→ Problem: Repeat what the lines below say, word for word, and skip every image.
━━ Dataset content
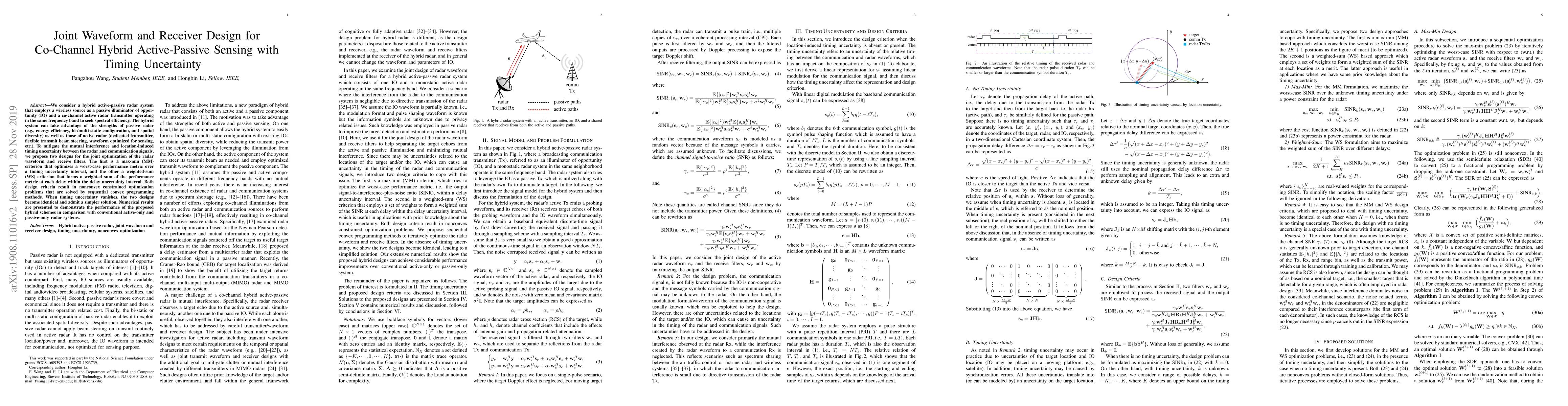 This paper proposes joint waveform and receiver design for a hybrid active-passive radar system operating in co-channel with timing uncertainty. It introduces two optimization criteria to mitigate interference: max-min and weighted-sum, solved using convex programming, and demonstrates their performance against conventional radar systems.
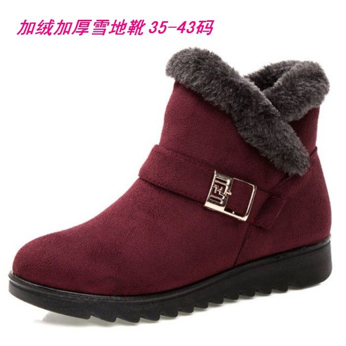 加绒雪地靴女冬季防滑保暖短靴加厚毛毛棉鞋软底防滑棉靴4243大码
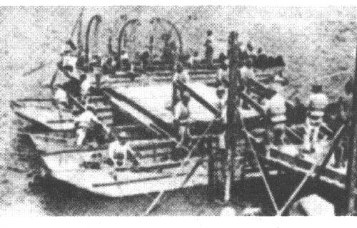 日本使用铁舟架设浮桥,在深泽战斗中被中国军队击毁。
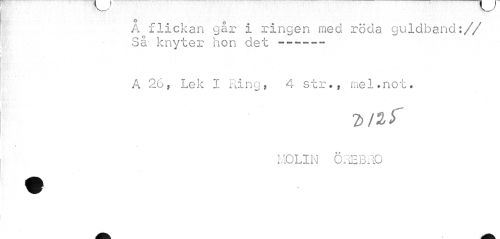 //// o //// A flickan går i ringen med röda guldband:// //// ö //// Sä- knyter hon det---- - //// A 26, Lek I Ring, 4 str., mel.not. //// • ! \ ^ • //// v'» //// 2>/2<f //// i //// MOLIN ÖPiEBRO ////
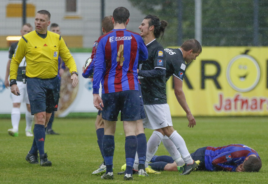Sindri Kristinn er staðinn á fætur og leikurinn er hafinn á ný eftir þessa stuttu töf.
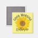 Fotografía de un girasol amarillo brillante con el texto "Buenos días (nombre personalizado)" sobre fondo amarillo claro.
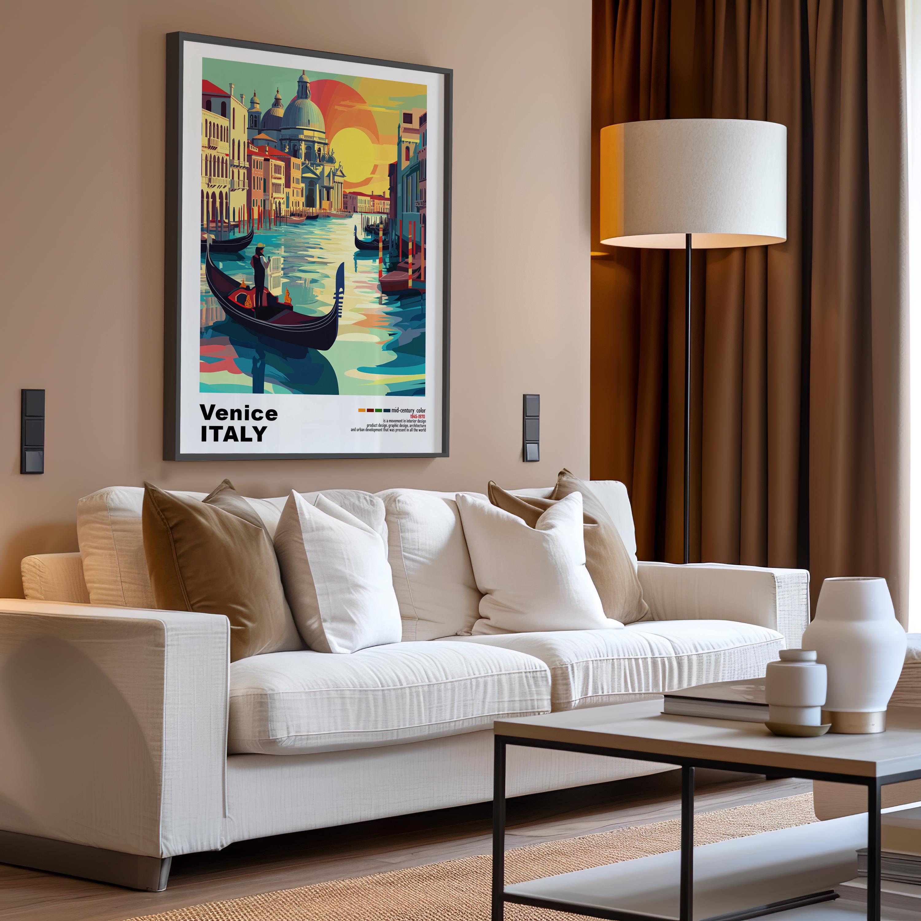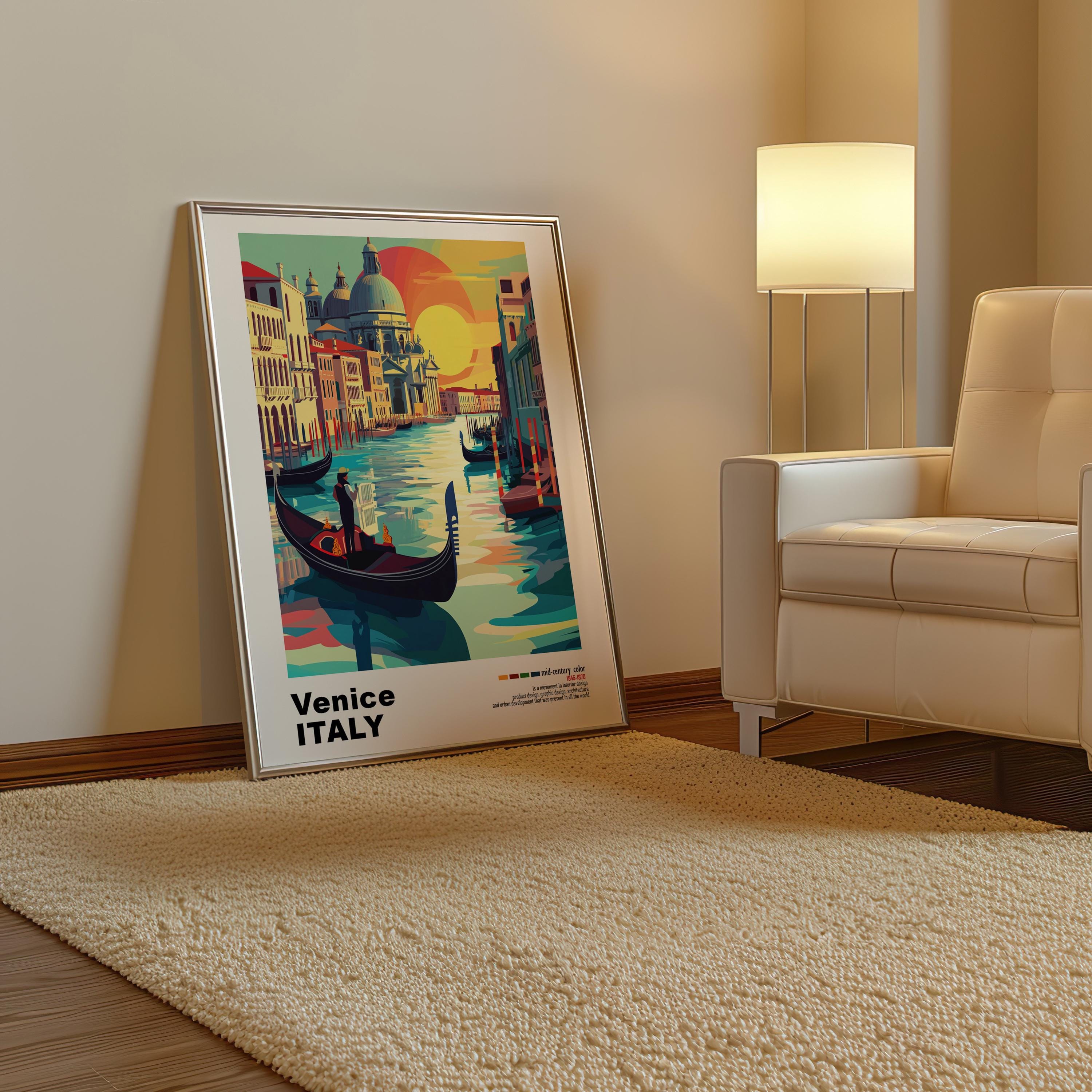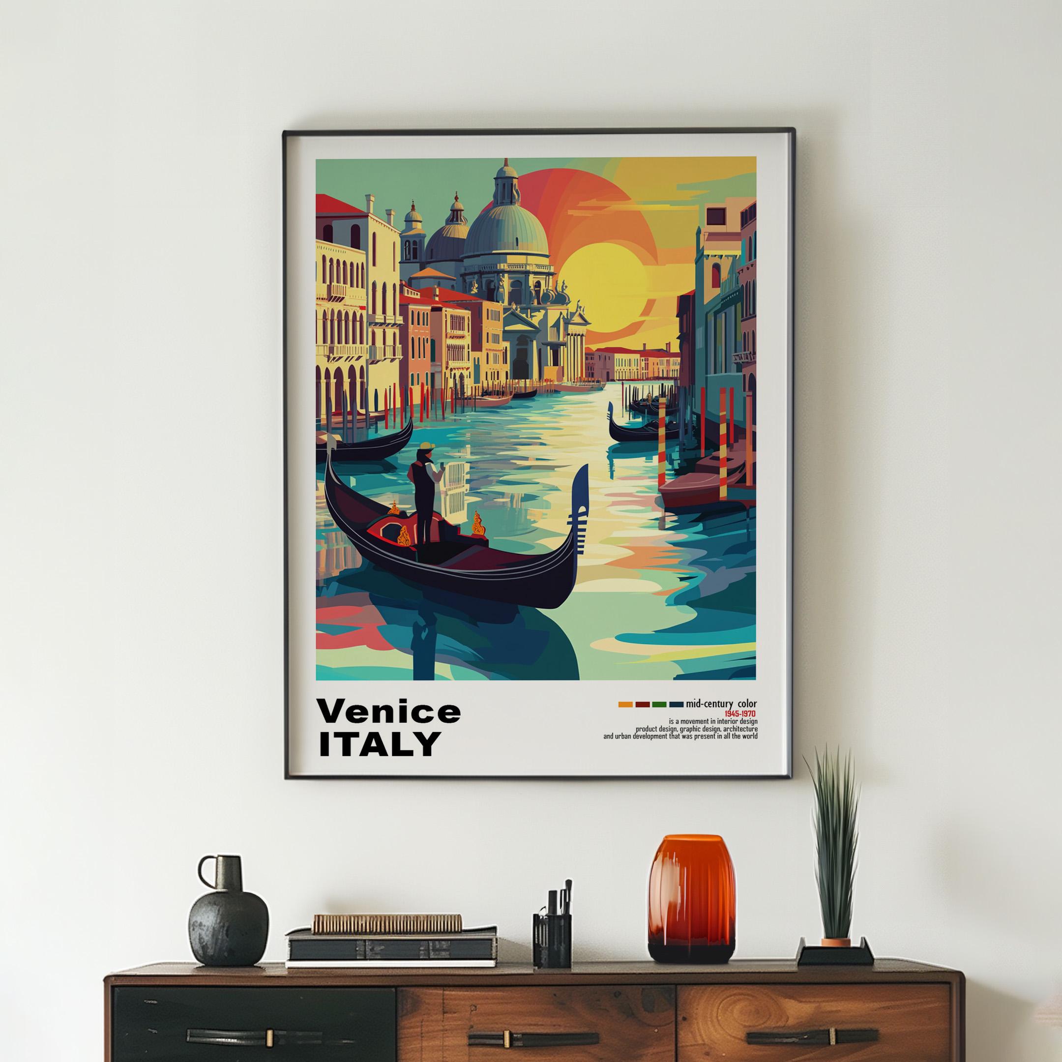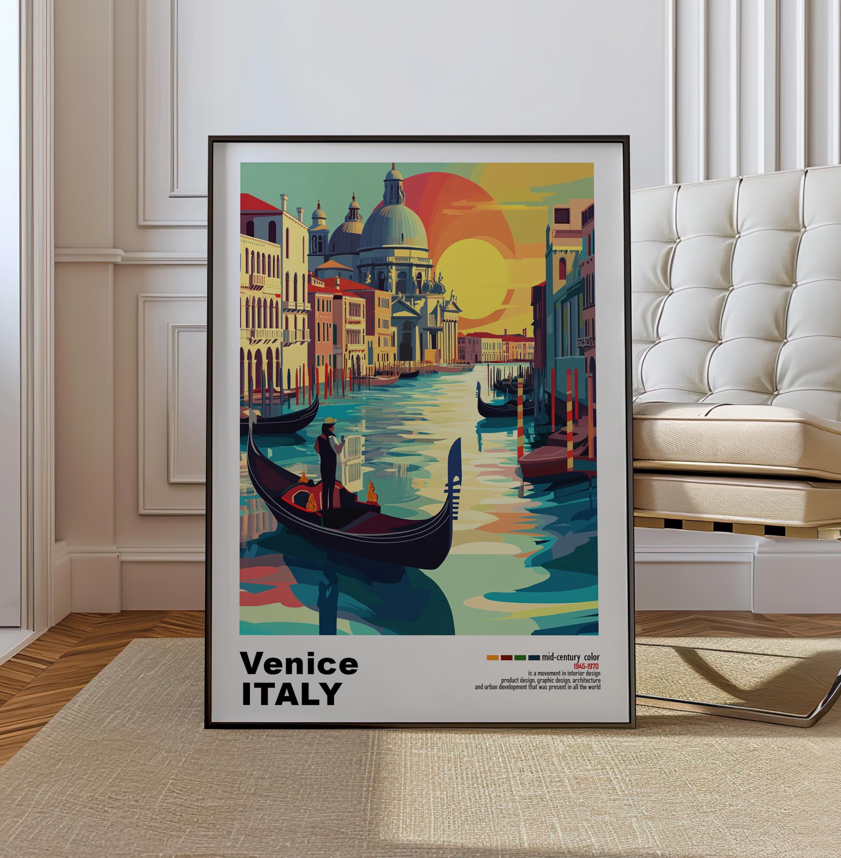 Venice, Italy - Mid-Century Modern Architecture Art Print – Retro Minimalist City Poster with Geometric Design - Bold Mid Century Print
━━━━
→ Expected output:
 This paper proposes joint waveform and receiver design for a hybrid active-passive radar system operating in co-channel with timing uncertainty. It introduces two optimization criteria to mitigate interference: max-min and weighted-sum, solved using convex programming, and demonstrates their performance against conventional radar systems.
 加绒雪地靴女冬季防滑保暖短靴加厚毛毛棉鞋软底防滑棉靴4243大码
 日本使用铁舟架设浮桥,在深泽战斗中被中国军队击毁。
 //// o //// A flickan går i ringen med röda guldband:// //// ö //// Sä- knyter hon det---- - //// A 26, Lek I Ring, 4 str., mel.not. //// • ! \ ^ • //// v'» //// 2>/2<f //// i //// MOLIN ÖPiEBRO ////
Sindri Kristinn er staðinn á fætur og leikurinn er hafinn á ný eftir þessa stuttu töf.
 Fotografía de un girasol amarillo brillante con el texto "Buenos días (nombre personalizado)" sobre fondo amarillo claro.
 Venice, Italy - Mid-Century Modern Architecture Art Print – Retro Minimalist City Poster with Geometric Design - Bold Mid Century Print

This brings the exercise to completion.